I was going for an easy run in Hillsboro, Oregon a couple of days ago and trying to think about a talk I have to give next week at the Linux Foundation Collaboration Summit
in San Francisco. This was partly to take my mind off of the really horrible nasty weather we have been having of late - I heard we may break an all-time record for the most rainfall in the month of March in Oregon. Makes for a wet wet wet run.
One particular slide I'm thinking about really explains why the Yocto Project is so important to the growth of intelligent embedded systems and Linux. Unfortunately, I probably can't explain it the way I want to, for fear that someone might be offended.
Here's the picture: you have the usual software layer cake which shows a stack of software, from the operating system at the bottom up through middleware and development frameworks up to applications. When you think about the current state of the art for client and server computing, the operating systems layers are pretty stable because there are only a few choices here. And for clients, I'm even thinking about smart phones and tablets.
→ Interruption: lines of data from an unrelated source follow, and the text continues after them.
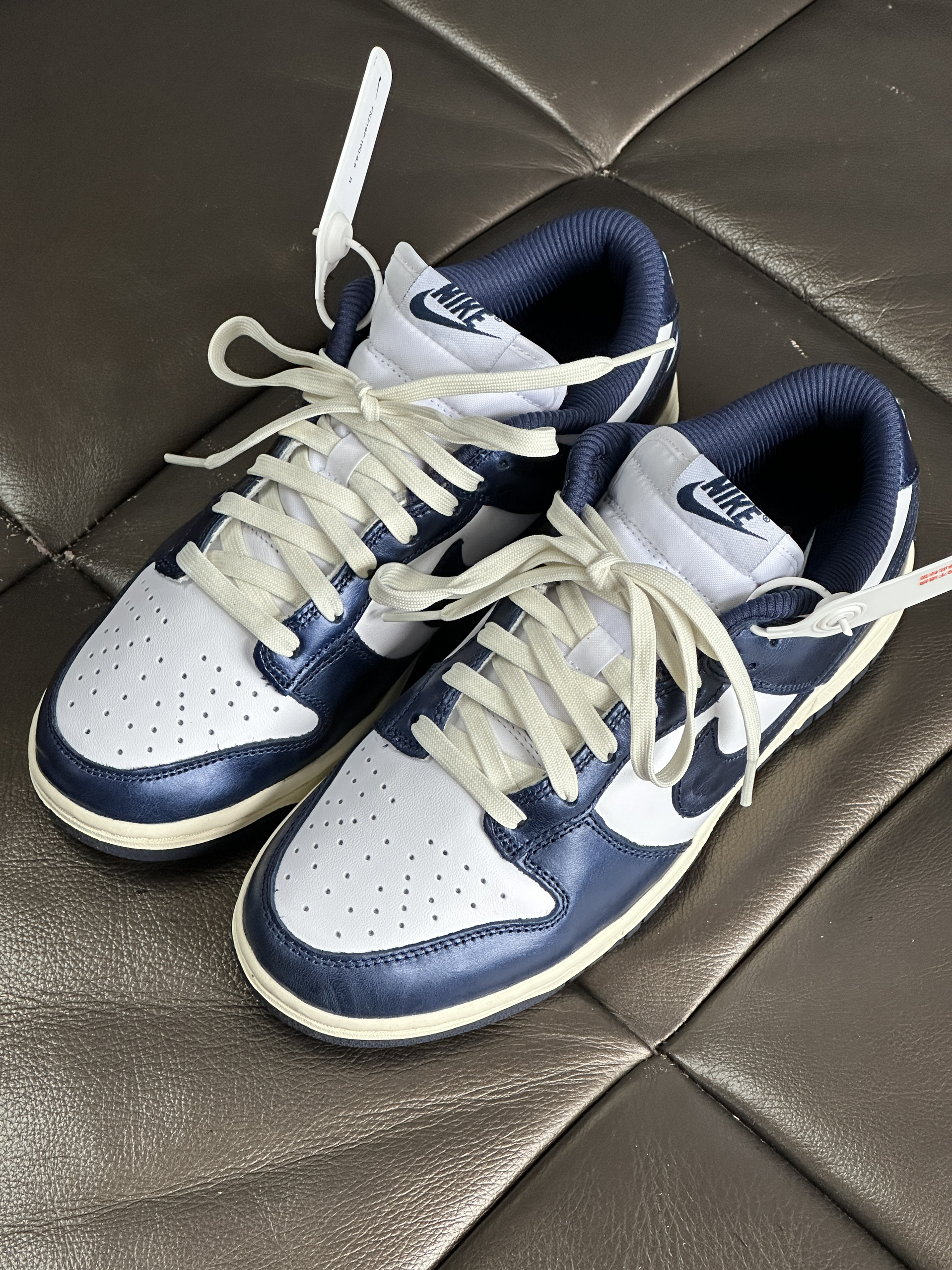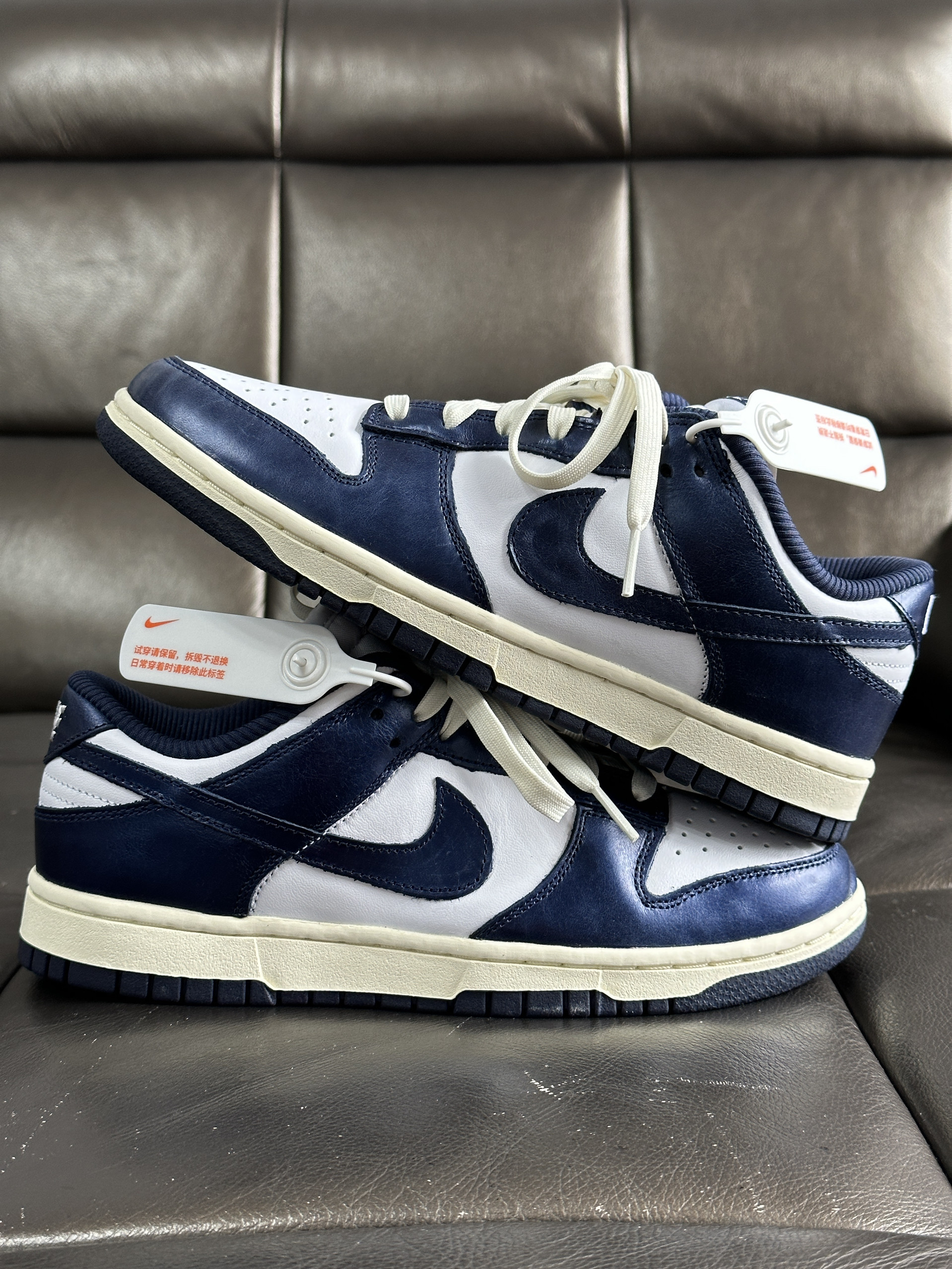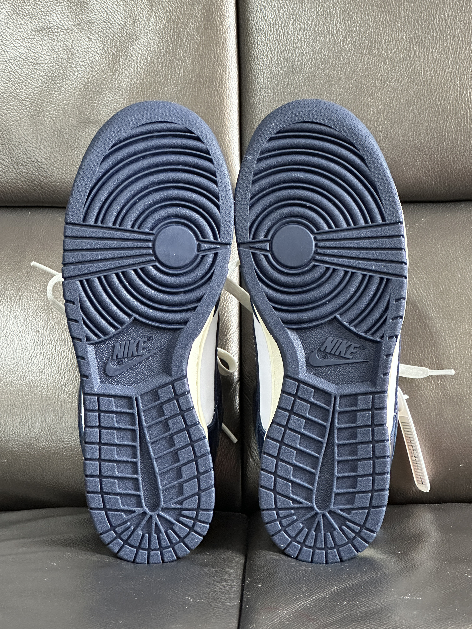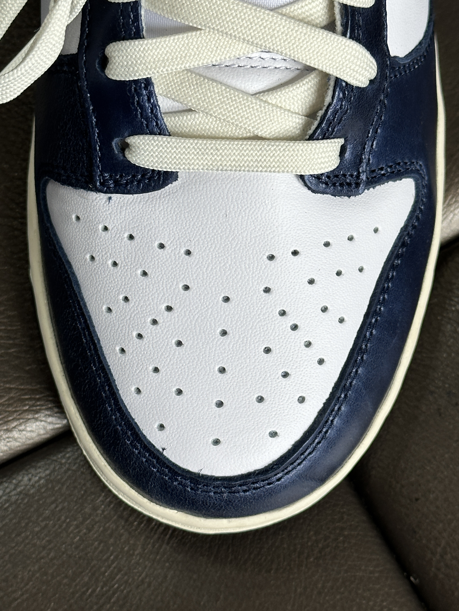 ▶现在的Dunk Low配色很多,有点眼花缭乱的感觉!但选择经典配色是不会错的! ▶白蓝配色+氧化做旧的中底,带着浓浓的复古风! 鞋身使用了牛皮革材质打造,用料值得肯定!蓝色皮革还有点珠光的效果,很奈斯!光面皮革很好打理,深蓝的内衬也足够耐脏! 使用的新设计内衬不管是颜值还是实用性都很不错哟! ▶这双鞋尺码标准;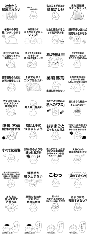 社会を生き抜く超限界うさぴのスタンプ第2弾!昼職も夜職もホス狂も!みんなみんな限界突破でコンプを打ち砕こ!セブ山 より発売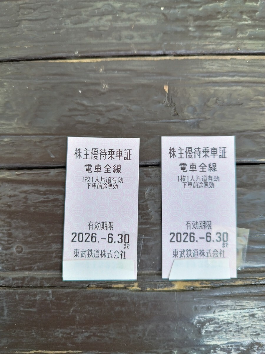 東武鉄道 株主優待乗車証2026/6/30 2枚セット 回数券型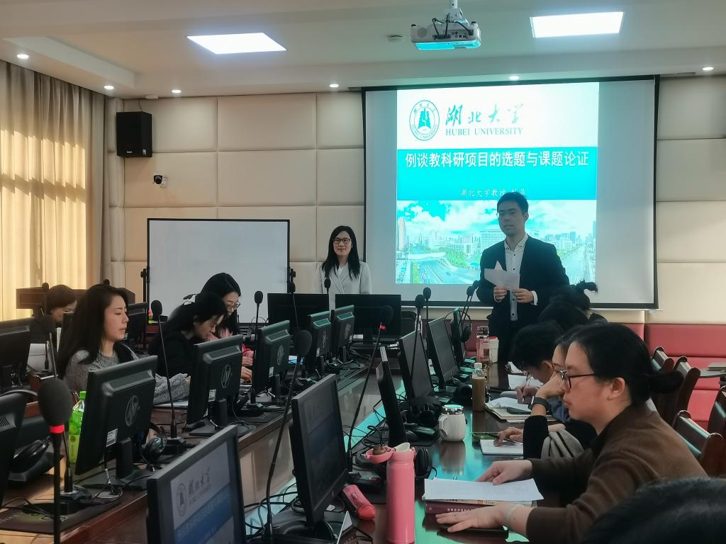 为继续推动yl7703永利集团教师教科研工作,帮助专任教师深入剖析教科研项目书撰写疑难,11月8日下午学院邀请湖北大学yl7703永利集团殷燕教授在知音楼307教室以“ 2023年校级教学改革研究项目课题项目书”为素材,为学院教师做题为“例谈教科研项目的课题论证”的专题讲座,讲座由林名仲副院长主持,全体专任教师参加了学习。

There are a few, stable OS choices which offer a rich set of services for application developers.
So for clients and servers, the point of flexibility really moves up into the app space. This is because every smart phone, tablet, laptop or server is designed to allow the purchaser to install their own applications after the purchase. These applications are not designed specifically for that exact device, but are intended for a range of devices.
You know this is true - even applications for the ipad which wanted to upgrade their graphics for the "new" ipad were designed so that they would scale from old to new device and not require multiple versions. It takes a massive amount
of work on the system designer's part to make certain that they have enough flexibility to allow for a broad pool of after-market apps.
Not so in embedded. Oh sure, some people will design an embedded app for a client or server OS and cross their fingers that they can sell them to customers who will use said client or server OS. Generally the point of flexibility is much lower in the stack. You want to flex the OS layer around various fundamental aspects of the system to get exactly what you want. Otherwise you would have people bury smart phones in their smart refridgerators, which seems like a really dumb thing to do.
Another way of putting this is that what makes my head explode is not the complexity of app portability. It's the complexity of hardware flexibility.
For my talk, I was thinking about using an image from the poster for the movie "Brazil" and moving to the various places which shows where my head explodes and why it's so different between embedded and client or server computing.
I'm just worried someone will think it's too violent.